▸ **Exercise data**
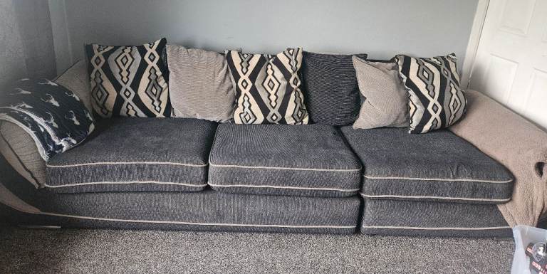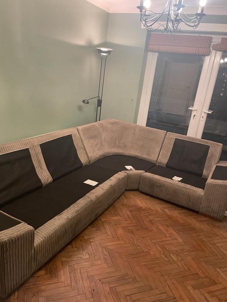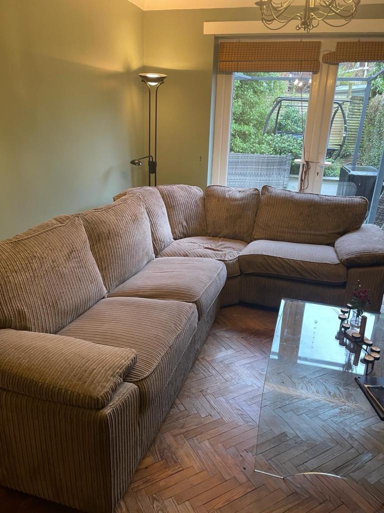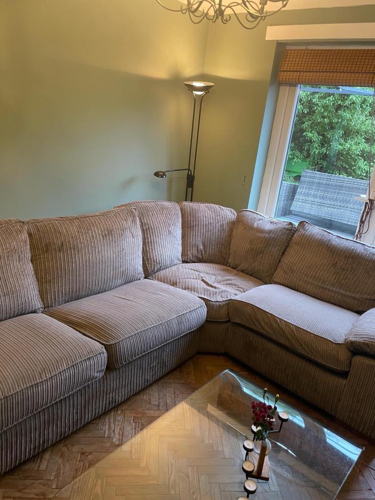 Mushroom coloured right hand corner settee for sale. Seat cushions have been freshly stripped and laundered. In very good condition. Priced to sell. Selling after purchasing a new sofa. Collection only
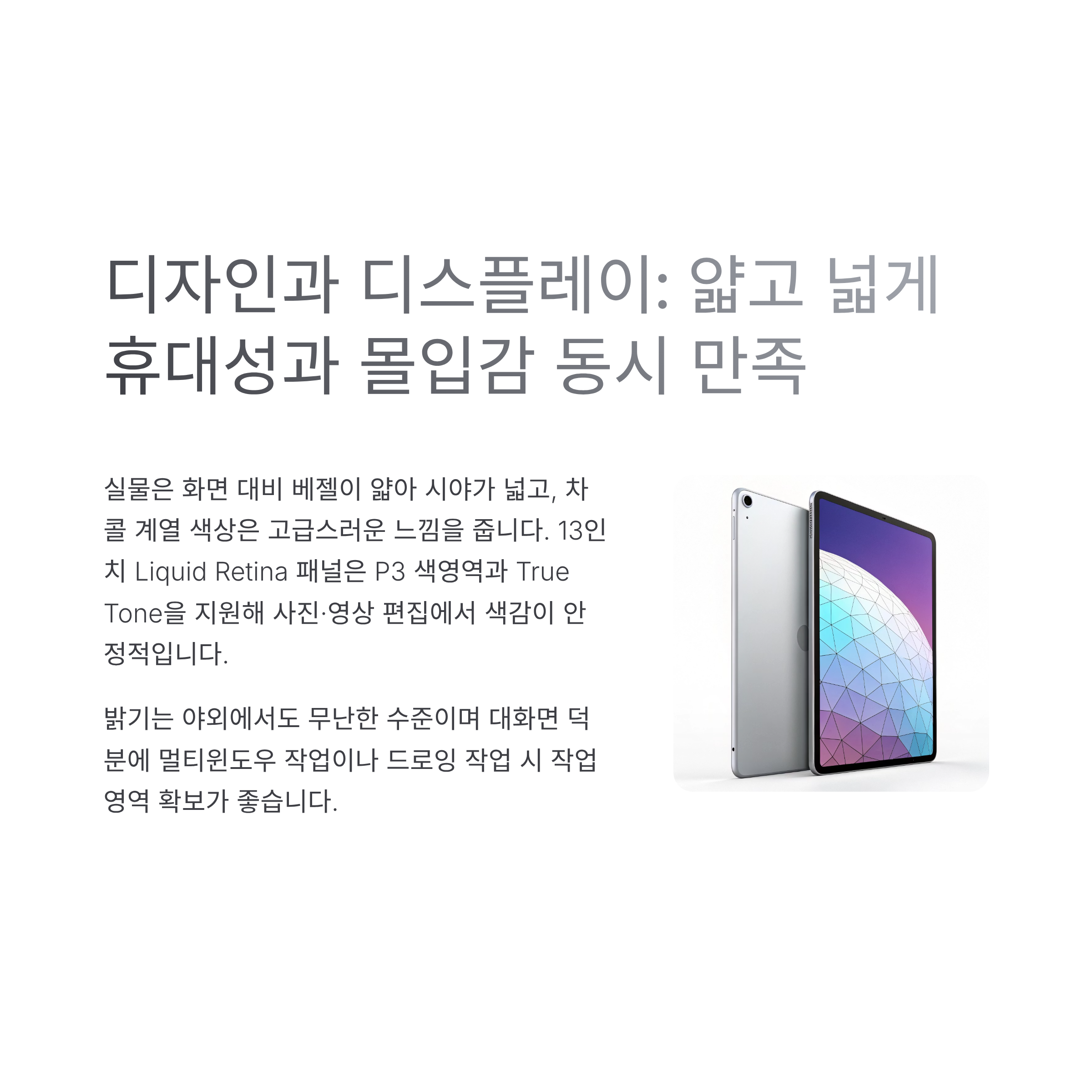 디자인과 디스플레이: 얇고 넓게, 휴대성과 몰입감 동시 만족
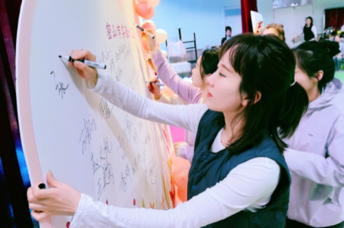 教师在签名墙上签名
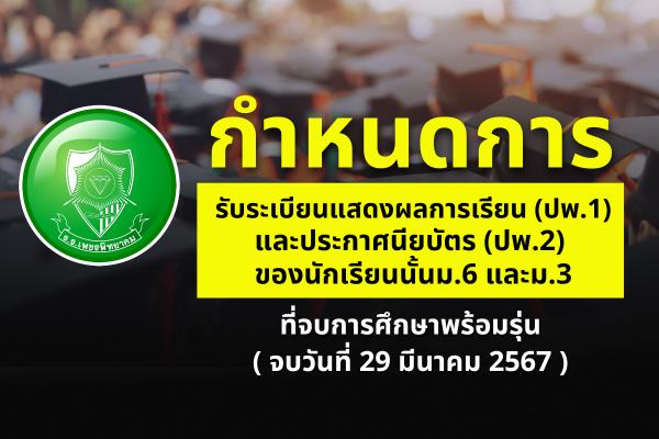 ประกาศแจ้ง กำหนดการรับระเบียนแสดงผลการเรียน(ปพ.1) และประกาศนียบัตร (ปพ.2) ของนักเรียนนั้นม.6 และม.3 ที่จบการศึกษาพร้อมรุ่น (จบวันที่ 29 มีนาคม 2567)
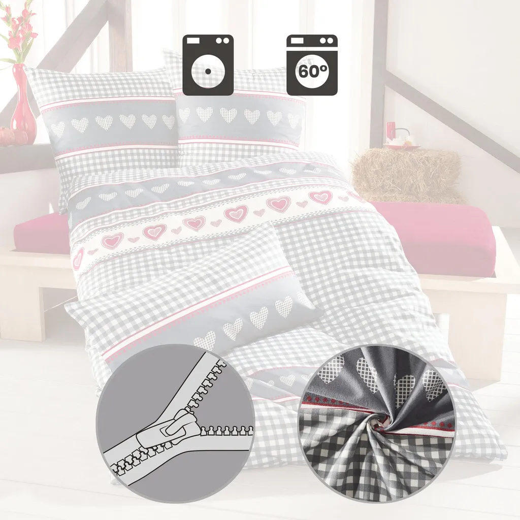 Erwin Müller Тонкая фланелевая наволочка. Сочетание сердечек и мелкого клетчатого узора создает чудесную уютную атмосферу. Она привнесет в ваш дом альпийское очарование и отразит современный дизайн интерьера. Побалуйте себя бархатистой, мягкой тканью с начесом. Мягкое и пушистое белье станет приятным подарком в холодное время года. Мягкая и приятная на ощупь. Удобно надевать и снимать благодаря практичной молнии.
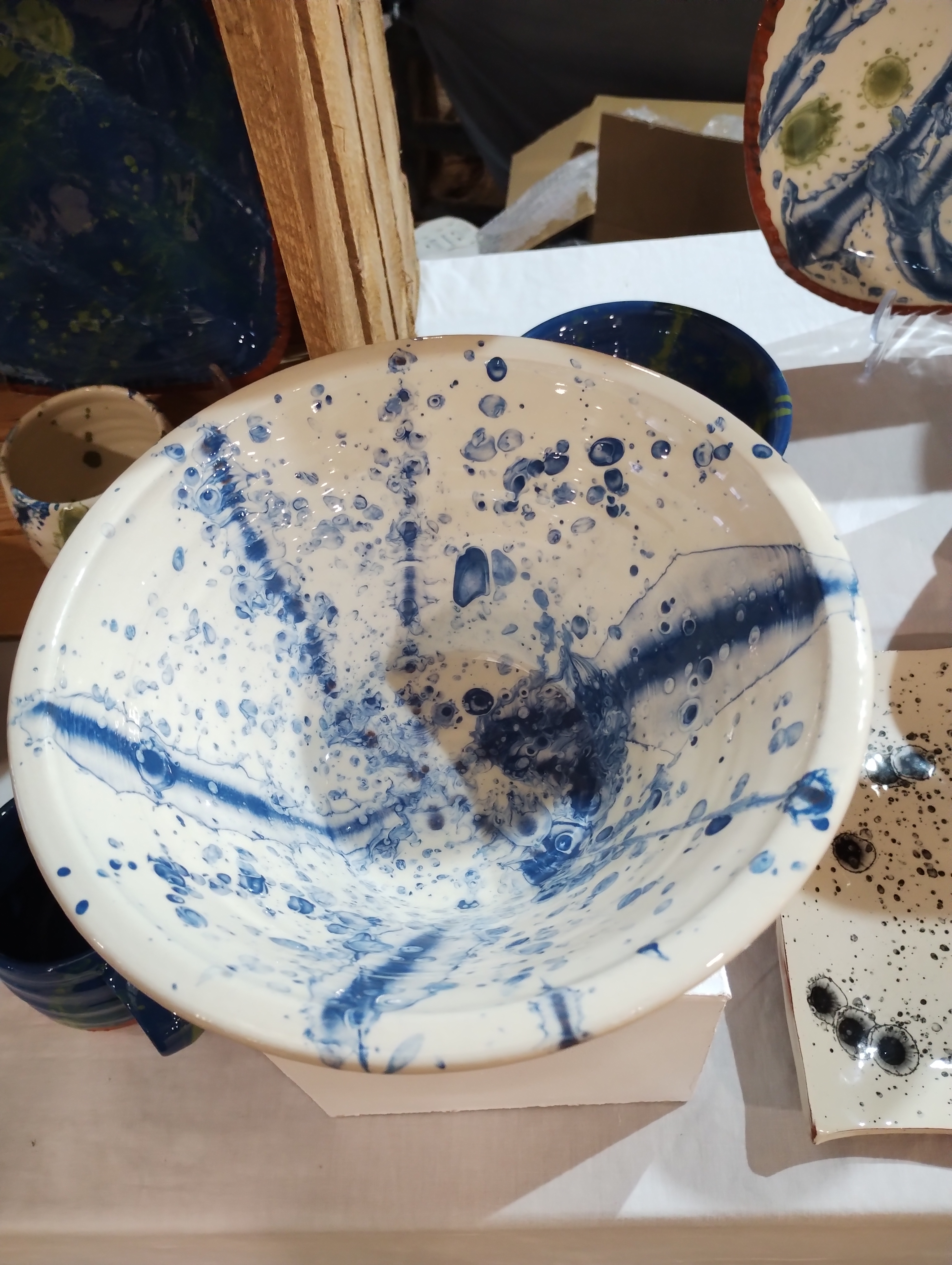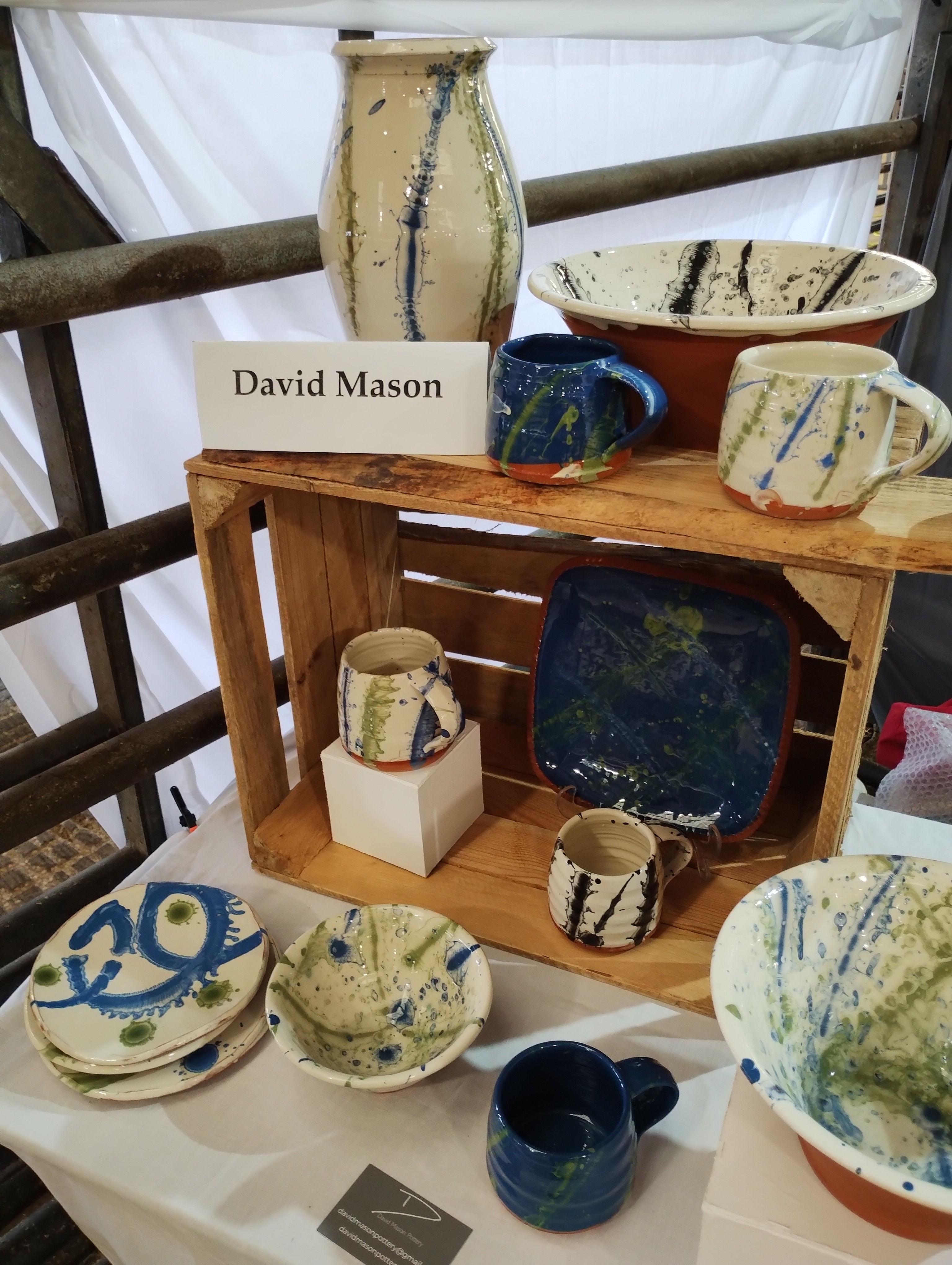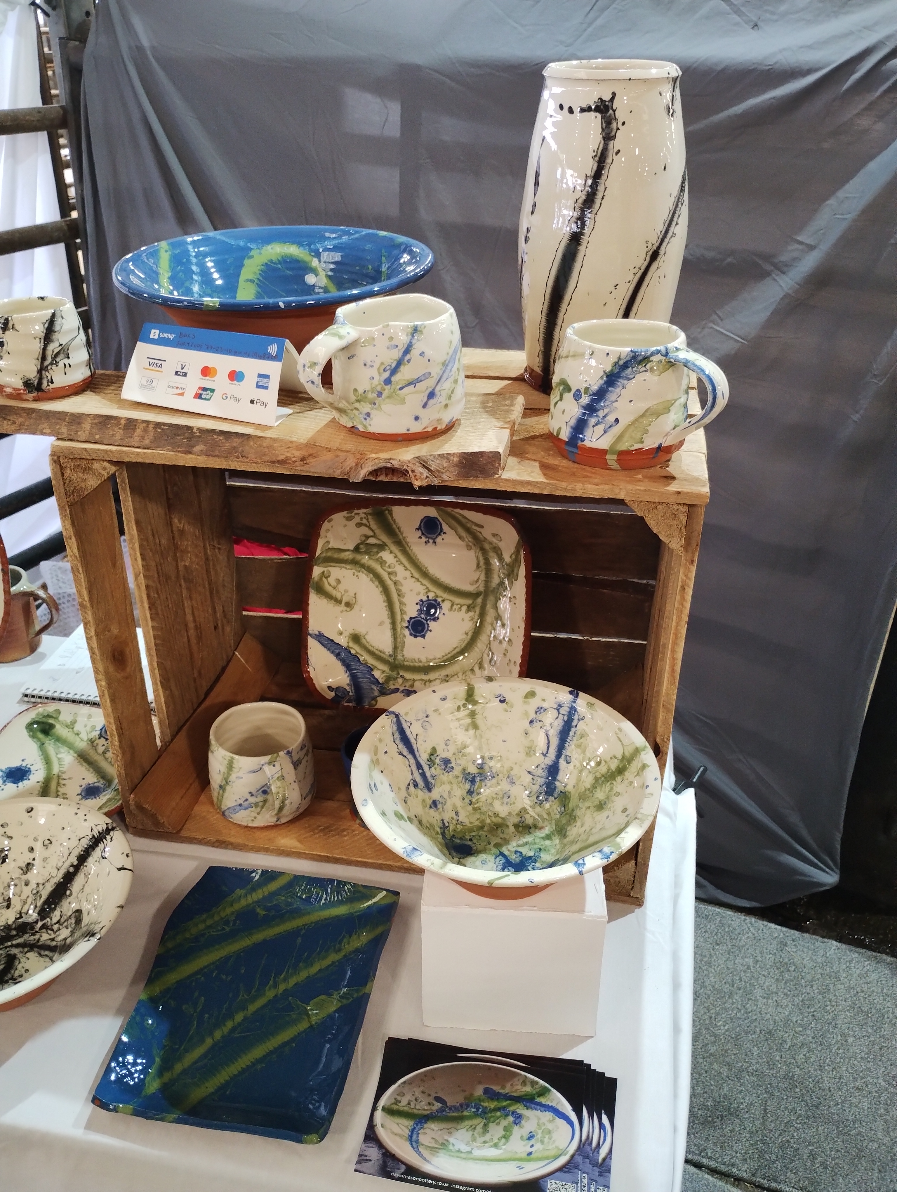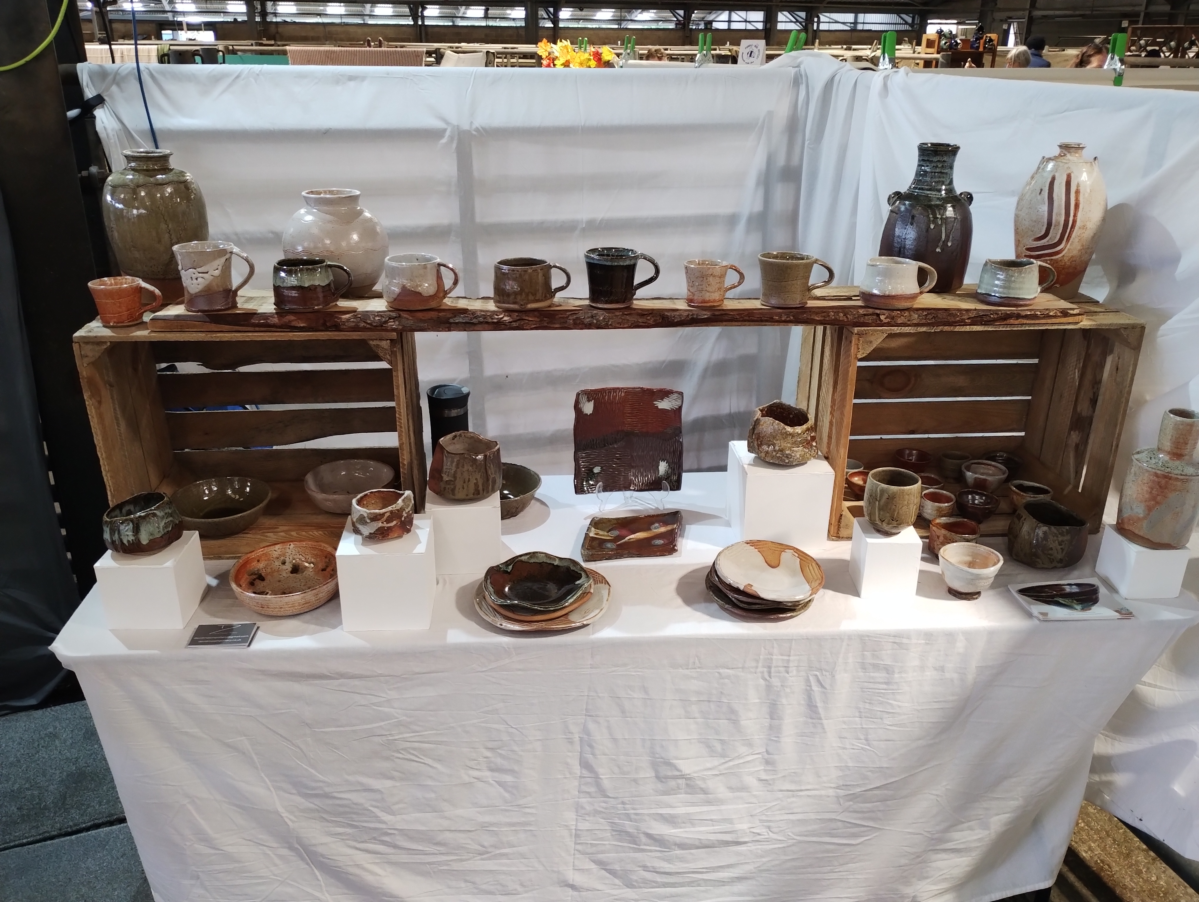 I was fortunate enough to have a stall at Potfest in Penrith. There were over 100 potters and there was a great atmosphere. It was lovely to meet so many other potters. The show ran over three days and there was a good foot fall. The weather was very changeable with heavy rain and high winds and sunny spells. It was gratifying to have so much interest in my pots and what I do. I really enjoyed chatting to people who came to my stall. Thank you to everyone who bought my pots.

▸ **Exercise brief**
If a record holds a picture, leave the picture out and copy the rest exactly.

▸ **Written answer**
 Mushroom coloured right hand corner settee for sale. Seat cushions have been freshly stripped and laundered. In very good condition. Priced to sell. Selling after purchasing a new sofa. Collection only
 디자인과 디스플레이: 얇고 넓게, 휴대성과 몰입감 동시 만족
 教师在签名墙上签名
 ประกาศแจ้ง กำหนดการรับระเบียนแสดงผลการเรียน(ปพ.1) และประกาศนียบัตร (ปพ.2) ของนักเรียนนั้นม.6 และม.3 ที่จบการศึกษาพร้อมรุ่น (จบวันที่ 29 มีนาคม 2567)
 Erwin Müller Тонкая фланелевая наволочка. Сочетание сердечек и мелкого клетчатого узора создает чудесную уютную атмосферу. Она привнесет в ваш дом альпийское очарование и отразит современный дизайн интерьера. Побалуйте себя бархатистой, мягкой тканью с начесом. Мягкое и пушистое белье станет приятным подарком в холодное время года. Мягкая и приятная на ощупь. Удобно надевать и снимать благодаря практичной молнии.
 I was fortunate enough to have a stall at Potfest in Penrith. There were over 100 potters and there was a great atmosphere. It was lovely to meet so many other potters. The show ran over three days and there was a good foot fall. The weather was very changeable with heavy rain and high winds and sunny spells. It was gratifying to have so much interest in my pots and what I do. I really enjoyed chatting to people who came to my stall. Thank you to everyone who bought my pots.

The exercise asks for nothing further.